The letter is on plain white paper, not Israeli government letterhead. We faxed it to the Israeli Embassy in Washington DC. A spokeswoman said the letter did not have the look of a letter sent from the Office of the Prime Minister. When reached at an office in Tel Aviv, Yigal Carmon said he "did not know of anyone called Juval Aviv" and refused to discuss the contents of any letter with us.
A spokesperson for El-Al Airlines in Tel Aviv said he was unaware of any such incident of "dishonesty" by Juval Aviv, or of any firing of Aviv.
Aviv, for his part, produces several documents that he's entered into court refuting the accusation that he lied about his background. The documents include an FBI memo about Aviv from 1982, obtained through the Freedom of Information Act, and a contract between Aviv and the US Justice Department, dated 1984. Both refer to Aviv's past association with Israeli intelligence. As late as 1993, an FBI agent wrote to Aviv asking for assistance in a tax-recovery investigation, even as other government officials were publicly calling Aviv a fabricator.
In public attacks against Aviv in the mid-1990's, government officials also pointed out that he'd been arrested for alleged mail and wire fraud.

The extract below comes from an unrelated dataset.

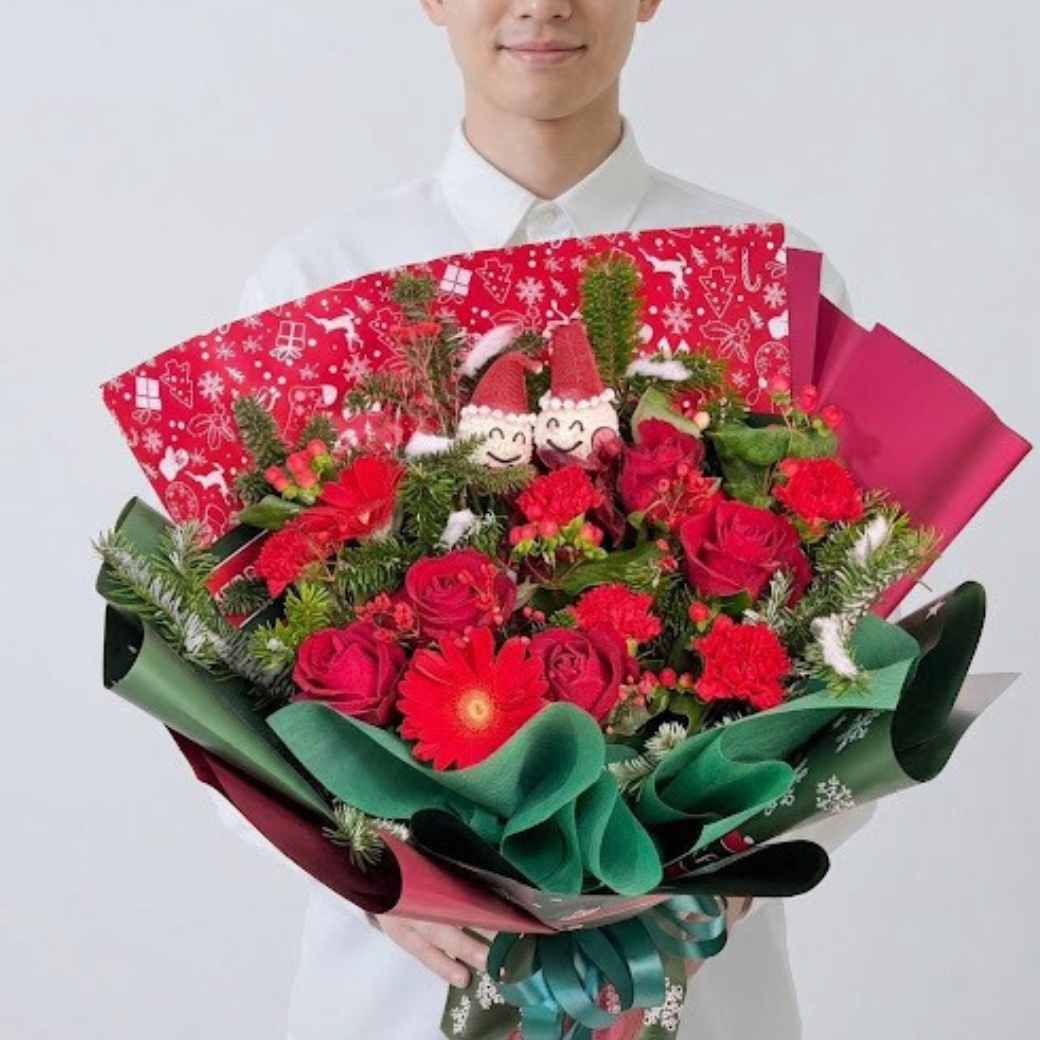 ช่อดอกไม้สด MR01 ช่อดอกไม้โทนสีแดงสดใสที่รวบรวม ช่อดอกกุหลาบแดง และเยอบีร่า ตกแต่งในสไตล์คริสต์มาสสุดพรีเมียม เหมาะสำหรับมอบเป็นของขวัญในโอกาสพิเศษ หากคุณมองหา ร้านดอกไม้ใกล้ฉัน ที่มีดีไซน์เป็นเอกลักษณ์ กลิ่นมาลีพร้อมบริการจัดส่งถึงมือคุณ

The fraud charge was filed in 1994 after an investigation by the FBI. The charge: that Aviv had defrauded a corporate client, General Electric Capital, in a small contract a few years earlier – that he'd claimed to interview people on a fact-finding trip in the Caribbean whom he'd never really interviewed.
But at the trial in 1995 in the Southern District of New York, Aviv produced records showing that he had in fact conducted all the interviews for which he'd billed GE. The jury deliberated for just 90 minutes before acquitting Aviv.
After the verdict, the presiding district judge, Louis Stanton, wondered aloud in the courtroom why the FBI had gone out of its way to prosecute Aviv given that the alleged victim, GE Capital, had filed no complaint. In fact, GE representatives testified that they'd been entirely satisfied with Aviv's work. Stanton also pointed out that the fraud charges resulted from an investigation by two agents who were working on aspects of the Lockerbie case. The judge said those circumstances led him to infer that the fraud charge against Aviv "was generated from some other source, and the only source in the record so far for which any such purpose could be ascribed is the report in the other case, in the Lockerbie case."
Clearly, none of the government's behavior toward Aviv proves that Aviv's claims about the Lockerbie bombing are true. Aviv insists that from the start he's been willing to listen to proof that his report is all wrong. But Scottish police investigating Lockerbie have never interviewed him or asked him for his sources.
"I was never told directly that [my report] was wrong," Aviv says. "I was always attacked as the messenger, as somebody who was a fabricator, a lunatic, whatever."